Primary Breast Cancer Prevention: Nutrition

Plant-based nutrition and dietary recommendations are a large part of the WCRF/AICR recommendations, showing up in some form in 7 of the 10 recommendations.³ Although the data regarding the relationship between specific components of a whole-foods plant-based (WFPB) diet and breast cancer incidence has been mixed (likely due to the heterogeneity of the disease and the dietary components studied), there is a growing body of evidence that breast cancer incidence can be reduced with an overall healthy lifestyle, which includes a high-quality diet consisting of fruits, vegetables, whole grains, and legumes.^13,14 There are multiple mechanisms through which plant-based nutrition could decrease both cancer incidence and all-cause mortality. For example, a plant-based diet may help maintain a healthy body mass index (BMI), ensure adequate fiber intake, and optimize phytonutrient and antioxidant intake.¹⁵ The mechanisms behind diet and cancer are complex; however, some general principles emerge.
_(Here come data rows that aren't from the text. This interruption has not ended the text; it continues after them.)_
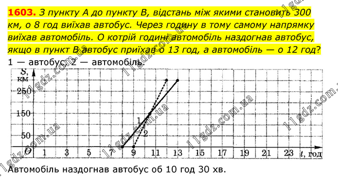 З пункту А до пункту В, відстань між якими становить 300 км, о 8 год виїхав автобус. Через годину в тому самому напрямку виїхав автомобіль. O котрій годині автомобіль наздогнав автобус, якщо в пункт В автобус приїхав о 13 год, а автомобіль — о 12 год? 1 — автобус, 2 — автомобіль. Автомобіль наздогнав автобус об 10 год 30 хв.
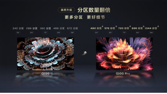 在Q10G的基础上,TCL进行了五大维度的全面升级。首先是画质升级,通过全新一代Mini LED背光技术,TCL Q10G Pro实现分区数量成倍提升,98/85/75/65/55吋的分区数分别为1344/896/720/576/480,均超过三百级,最高突破上千级,控光精细程度提升100%,可减少光晕,画面细腻自然,并且可精确调节亮度,从而展现更具层次万象分明的精彩画面。
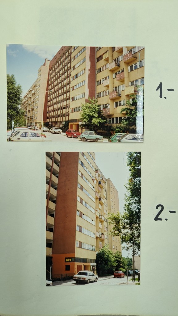 Jak wspomniałem, mrówkowce budowano na „odludziu”, w miejscu, gdzie wcześniej nie było zbyt wielu budynków. Jakieś jednak były, a dokumentacja techniczna budynków wskazuje, że proces wznoszenie blok pod numerem 56 (czyli tego nad Balatonem), trochę się wydłużył, bo czekano z rozbiórką zabudowań gospodarczych, należących do (jak wskazano) obywatela Bindera. Ta, miała zostać dokonana w I kwartale 1969 roku, dopiero po otrzymaniu przez tego jegomościa mieszkania (jak rozumiem, w ramach rekompensaty) na Miedzyniu. Ciekawe, czy ów człowiek, lub jego rodzina jeszcze mieszka w Bydgoszczy i zna szczegóły sprawy? Jeżeli tak, i ktoś z Was właśnie to czyta, dajcie znać!
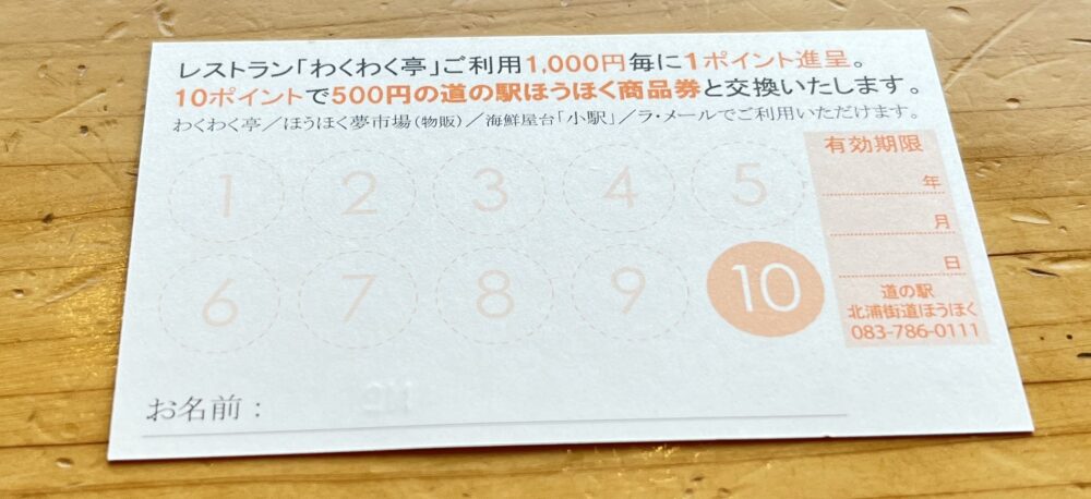 お食事1000円につき1ポイントで、10ポイント貯まりますと道の駅豊北で使える商品券500円分と交換です。
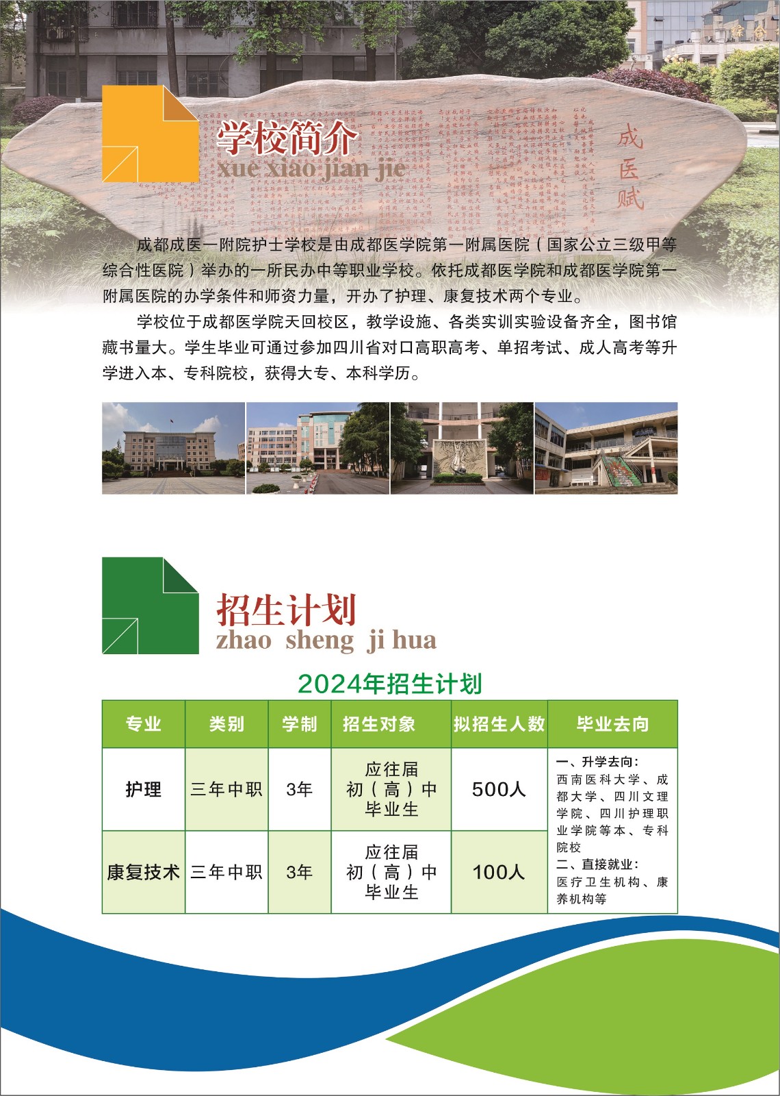 成都成醫(yī)一附院護士學(xué)校是由成都醫(yī)學(xué)院支持、成都醫(yī)學(xué)院第一附屬醫(yī)院舉辦的一所全日制中等衛(wèi)生職業(yè)學(xué)校。全校共3個年級,現(xiàn)有在校生1317人。學(xué)校位于成都醫(yī)學(xué)院天回校區(qū)內(nèi),具有良好的教學(xué)環(huán)境和學(xué)習(xí)環(huán)境。學(xué)校充分發(fā)揮“前院后?!钡霓k學(xué)優(yōu)勢,依托成都醫(yī)學(xué)院和成都醫(yī)學(xué)院第一附屬醫(yī)院良好的師資隊伍和優(yōu)越的辦學(xué)條件,致力于培養(yǎng)適應(yīng)社會需求的實用型護理專業(yè)人才和康復(fù)技術(shù)人才。

Fiber intake has been shown to be inversely associated with breast cancer incidence. In a meta-analysis of 10 prospective cohort studies with over 700 000 participants, a dose-dependent inverse relationship between fiber intake and breast cancer incidence was observed with a 7% decrease in risk for every 10 g increase in daily fiber intake.^16,17 The 2017 WCRF/AICR Breast Cancer CUP report included 11 studies (18591 cases) in a dose-response meta-analysis of fiber intake and postmenopausal breast cancer. The summary RR per 10 g/d increase in fiber intake was 0.95 (95% CI 0.92-0.99), with no evidence of heterogeneity, I² = 0%, P heterogeneity = .73. There was no evidence of publication bias, P = .69.³

In addition, consumption of fiber-rich foods, which are primarily low-calorie-density foods (vegetables, fruits, whole grains, and legumes,) may help individuals achieve a healthy BMI.^18,19 Overweight and obesity is associated with an increased risk of breast cancer, with postmenopausal women with obesity having a 20% to 40% increased risk of developing hormone receptor positive breast cancer when compared with normal weight women.^20,21

While adequate macronutrients are crucial for health, plant foods are also a rich source of micronutrients and phytonutrients, many of which play a critical role in cancer prevention due to their anti-inflammatory and/or antioxidant properties.^22,23 A thorough description of the different models of tumorigenesis is complex and beyond the scope of this discussion; however, the processes of initiation, promotion, and progression are generally involved.²⁴ Initiation occurs when a cell’s DNA becomes mutated by an initiator. This mutated cell becomes susceptible to promoters which lead to cell proliferation, and subsequent progression to malignancy. Phytochemicals may play a role in cell proliferation, DNA repair, apoptosis, cell differentiation, carcinogen detoxification, epigenetic modulation, activation or inactivation of oncogenes and tumor-suppressor genes, angiogenesis, and mitigation of oxidative stress.^25,26 The WCRF/AICR CUP report concluded that consuming non-starchy vegetables, foods high in carotenoids, as well as a diet high in calcium may decrease the risk of breast cancer.³

Although the benefits of a diet rich in vegetables, fruits, whole grains, and legumes are well known, only a minority of adults reach daily targets for fruit and vegetable intake. Sixty percent to 87% percent of adults worldwide report consuming fewer than 5 daily servings of vegetables and fruit.²⁷ There are many resources available on the AICR website (https://www.aicr.org/) and theAmerican College of Lifestyle Medicine (ACLM) website (https://lifestylemedicine.org/), including physician resources and patient education facing materials to help patients adopt health-promoting dietary habits. As lifestyle medicine practitioners, we have a tremendous opportunity to decrease the global disease burden not only by educating our patients about the recommended intake and benefits of plant-based foods but also by providing patients with effective resources and tools.

Soy

Numerous studies involving thousands of women worldwide have shown that dietary intake of soy foods is associated with as much as a 30% decrease in breast cancer incidence.^28-30 The Japan Public Health Center Prospective Study on Cancer and Cardiovascular Disease, including more than 20 000 Japanese women, found that those with the highest soy food intake had approximately half the risk of breast cancer when compared to those with the lowest intake.³¹ Soy intake in childhood and adolescence may be the most protective.³² Women with BRCA gene mutations and gene polymorphisms predisposing to breast cancer may especially benefit from soy.³³ Despite the benefits of soy food intake, there is a great deal of confusion among the medical and general population regarding the safety of soy.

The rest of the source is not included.